Прошло еще полчаса, прежде чем мы услышали первый шорох. Тела напряглись. Шуршали опавшие промерзшие листья. Кто-то шёл по лесу. Судя по походке, это был мужчина; так сказал Герман, хотя я понятия не имела, как можно отличить мужскую походку от женской, да ещё и по звуку.
– Приготовь верёвку, – шепнул Герман.
Я полезла в рюкзак, стараясь создавать как можно меньше шума. Веревка, веревка…где же она? В голове промелькнула мысль, маленькая надежда, что она не найдётся. А это значит, что мне не придется никого связывать. Да, именно так мы договорились с Германом – план «А»: он хватает человека, а я связываю ему руки. Что будет дальше, мы не придумали – решили действовать по обстоятельствам. Все это казалось мне сумасшествием. Руки дрожали то ли от страха, то ли от холода. Но наконец эта несчастная веревка все-таки нашлась.
– Он рядом, идём.
В нескольких метрах от нас промелькнул силуэт. Герман был прав, это все-таки оказался мужчина. Чёрная толстовка с натянутым на голову капюшоном и камуфляжные штаны – это все, что я успела увидеть. Он что-то держал в руке, что-то белое и достаточно большое. Кажется, ведро от краски. Но…зачем? Что он приготовил на этот раз?
Я осторожно пробиралась вслед за Германом.
– Эй, постой! – крикнул он, и мужчина тут же остановился, недоуменно озираясь по сторонам. Это был скорее даже не мужчина, а молодой парень. Вполне подходящий возраст для человека, который мог отправлять тайные записки.
Кажется, парень хотел что-то спросить, но не успел. Кулак Германа оставил отметину прямо на его скуле. Потеряв равновесие, он упал на землю и согнулся от боли. Тут же воспользовавшись этой ситуацией, мой напарник ловко скрутил ему руки, как это делают заправские полицейские в криминальных фильмах про наркодиллеров.
– Давай, Даша!
На ватных ногах я подошла к неизвестному и начала обматывать его руки верёвкой в районе кистей.
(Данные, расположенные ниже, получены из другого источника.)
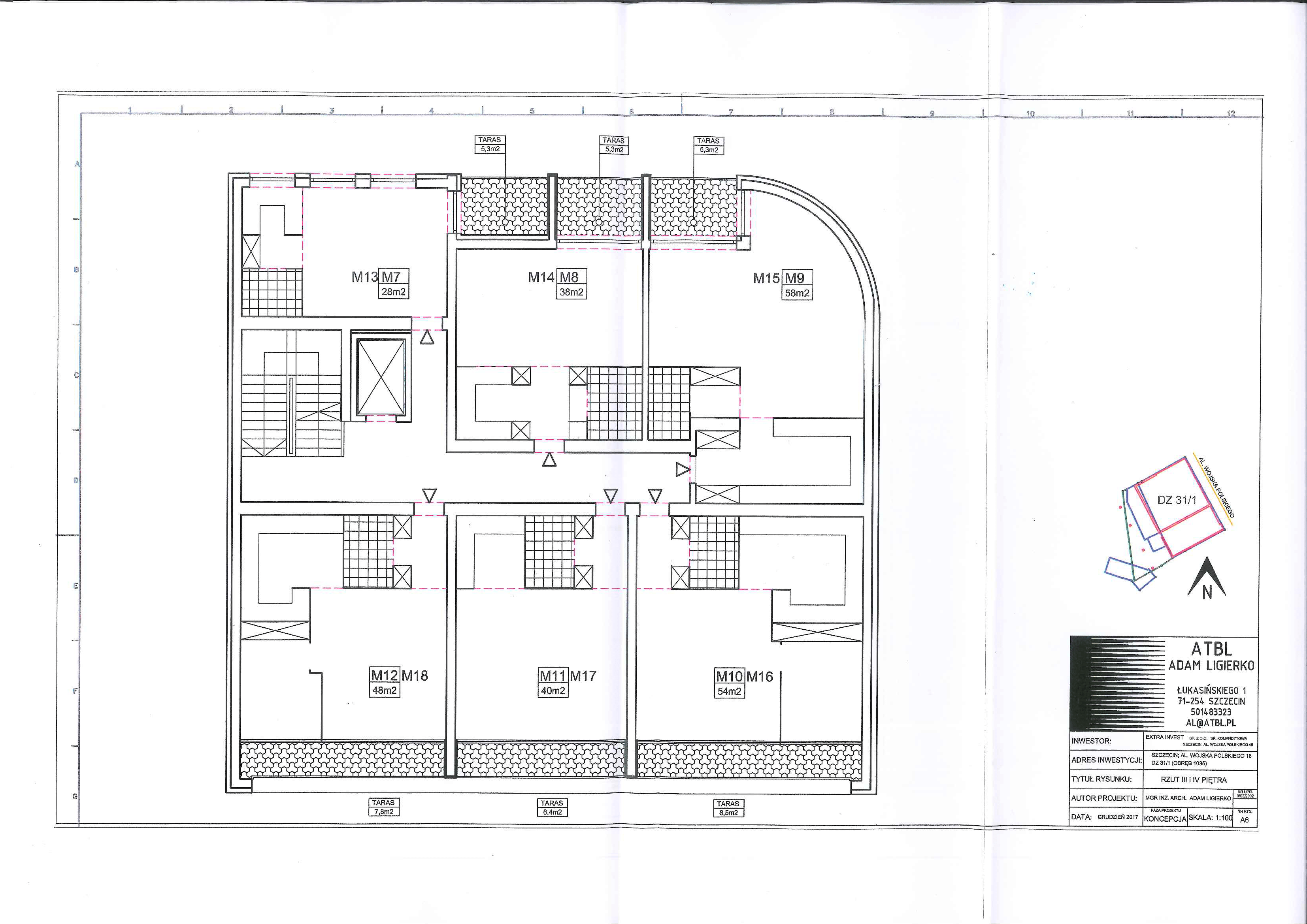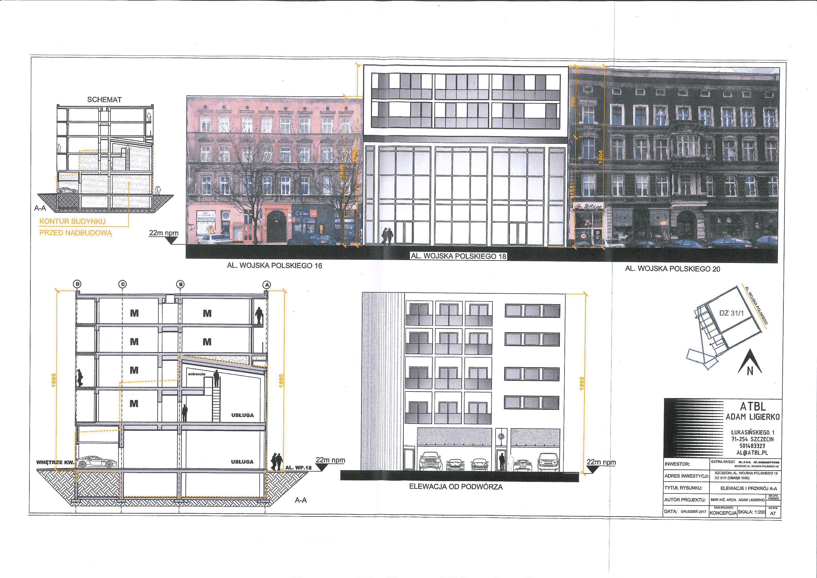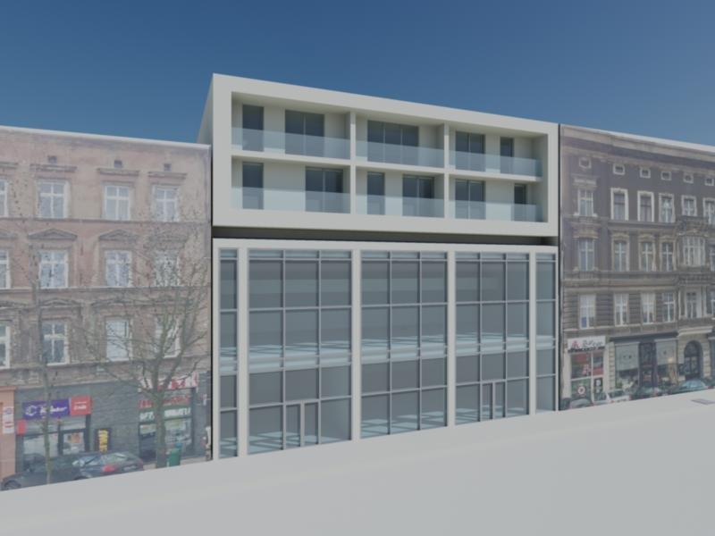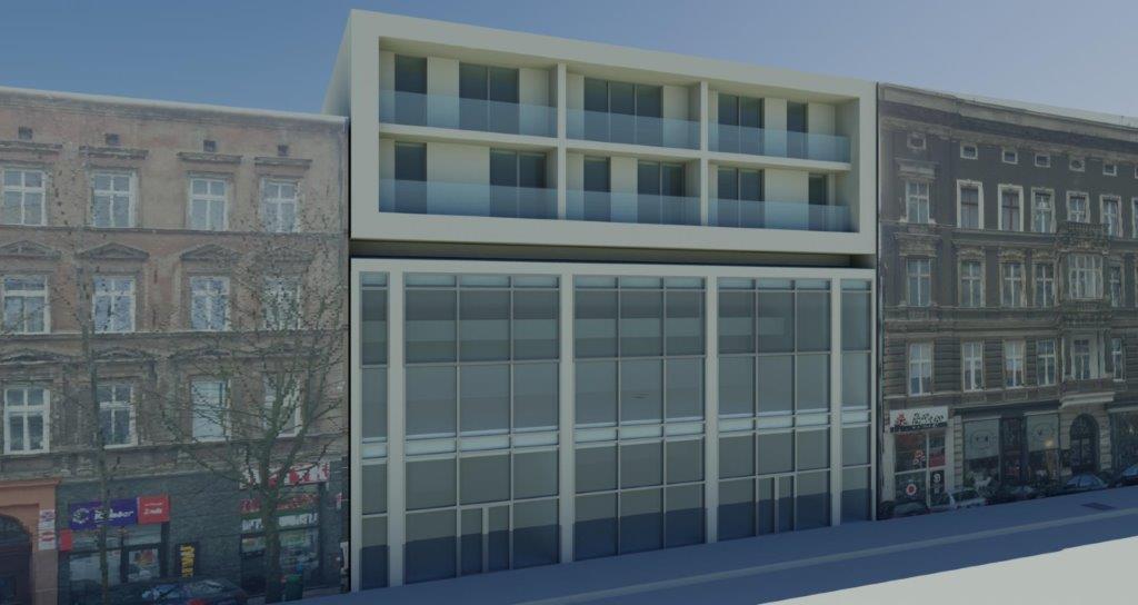 Projekt obejmuje wyodrębnienie kilkudziesięciu apartamentów wraz z lokalami użytkowymi od strony ruchliwej ulicy.

– Медленно, слишком медленно, Даша!
Я пыталась делать это быстрее, но руки не слушались. Мы только что напали на человека. Эта мысль затуманивала сознание. Хотя, торопиться было некуда – парень и не думал вырываться. Кажется, он испугался еще больше, чем я.
– А теперь отвечай, какого лешего ты здесь забыл? – выкрикнул Герман, вновь занеся кулак, когда я наконец закончила свою «работу».
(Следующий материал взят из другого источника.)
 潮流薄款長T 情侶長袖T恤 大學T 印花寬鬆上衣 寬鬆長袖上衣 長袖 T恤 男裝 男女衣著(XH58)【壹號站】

Кажется, незнакомец хотел что-то сказать, но вышло лишь невнятное бормотание. Он закашлялся и сплюнул сгусток крови.
– Отвечай, когда с тобой разговаривают! Спрашиваю последний раз: что ты тут делал?
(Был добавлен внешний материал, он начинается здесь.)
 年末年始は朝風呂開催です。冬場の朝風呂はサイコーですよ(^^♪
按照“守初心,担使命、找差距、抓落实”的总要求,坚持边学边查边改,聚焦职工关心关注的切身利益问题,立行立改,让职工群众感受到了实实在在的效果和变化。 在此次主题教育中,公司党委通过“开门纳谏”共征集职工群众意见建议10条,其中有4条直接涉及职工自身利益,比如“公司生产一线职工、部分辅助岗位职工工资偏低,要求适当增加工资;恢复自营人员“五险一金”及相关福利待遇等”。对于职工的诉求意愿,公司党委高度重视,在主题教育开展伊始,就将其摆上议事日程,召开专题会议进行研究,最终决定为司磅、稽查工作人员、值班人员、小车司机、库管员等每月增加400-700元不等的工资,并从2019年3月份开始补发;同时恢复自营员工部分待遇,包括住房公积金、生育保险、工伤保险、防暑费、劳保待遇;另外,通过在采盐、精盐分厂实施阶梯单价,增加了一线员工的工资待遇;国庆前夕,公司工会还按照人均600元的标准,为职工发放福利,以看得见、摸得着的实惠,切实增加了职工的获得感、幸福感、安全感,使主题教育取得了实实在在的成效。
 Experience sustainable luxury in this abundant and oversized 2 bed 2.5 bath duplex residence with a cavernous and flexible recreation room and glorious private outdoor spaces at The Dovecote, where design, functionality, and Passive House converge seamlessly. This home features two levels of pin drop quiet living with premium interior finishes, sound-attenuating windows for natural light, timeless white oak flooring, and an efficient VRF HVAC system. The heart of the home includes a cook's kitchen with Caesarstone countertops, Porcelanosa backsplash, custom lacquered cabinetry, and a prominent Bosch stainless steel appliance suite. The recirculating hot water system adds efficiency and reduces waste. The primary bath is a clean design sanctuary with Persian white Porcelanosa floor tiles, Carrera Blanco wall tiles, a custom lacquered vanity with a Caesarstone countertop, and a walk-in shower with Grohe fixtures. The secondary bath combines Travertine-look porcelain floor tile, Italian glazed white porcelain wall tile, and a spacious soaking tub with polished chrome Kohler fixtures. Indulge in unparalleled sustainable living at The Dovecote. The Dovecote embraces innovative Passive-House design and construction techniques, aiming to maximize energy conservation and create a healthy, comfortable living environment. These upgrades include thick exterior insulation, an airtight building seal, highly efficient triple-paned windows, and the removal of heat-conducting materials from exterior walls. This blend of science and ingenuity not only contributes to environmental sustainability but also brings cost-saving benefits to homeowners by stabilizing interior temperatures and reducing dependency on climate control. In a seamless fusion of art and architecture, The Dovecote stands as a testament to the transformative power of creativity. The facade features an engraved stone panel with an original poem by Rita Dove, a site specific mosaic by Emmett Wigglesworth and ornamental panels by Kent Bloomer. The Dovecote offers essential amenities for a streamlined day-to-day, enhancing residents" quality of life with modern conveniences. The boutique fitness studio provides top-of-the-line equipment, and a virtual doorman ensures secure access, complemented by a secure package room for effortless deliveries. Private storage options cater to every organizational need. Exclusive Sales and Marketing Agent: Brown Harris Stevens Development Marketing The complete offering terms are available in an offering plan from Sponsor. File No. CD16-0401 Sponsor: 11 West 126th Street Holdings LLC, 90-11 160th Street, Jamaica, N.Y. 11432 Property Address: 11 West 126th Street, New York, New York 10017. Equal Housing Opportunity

Наш пленник наконец приподнял голову и повернулся в нашу сторону. Впервые я увидела его лицо под чёрным капюшоном. В тот же миг земля ушла из-под ног. Я ожидала увидеть кого угодно, но только не этого человека. Нет, этого не может быть.
– Ромыч? – изумленно прошептала я.
– Даша? – прохрипел друг, делая вид, что удивлён не меньше моего.
– Что за… – разглядывая пленника, точно пытаясь убедиться, что мы оба ошиблись и это не мой одногруппник, Герман сделал пару шагов назад. – Что ты, черт подери, здесь делаешь? Это твоих рук дело?
– Что – «это»? – снова прохрипел Ромыч и выплюнул очередной сгусток крови. – Что здесь вообще происходит? Вы все с ума посходили?!
– Не заговаривай зубы, – начинал злиться Герман, – и отвечай, какого черта ты все это делаешь?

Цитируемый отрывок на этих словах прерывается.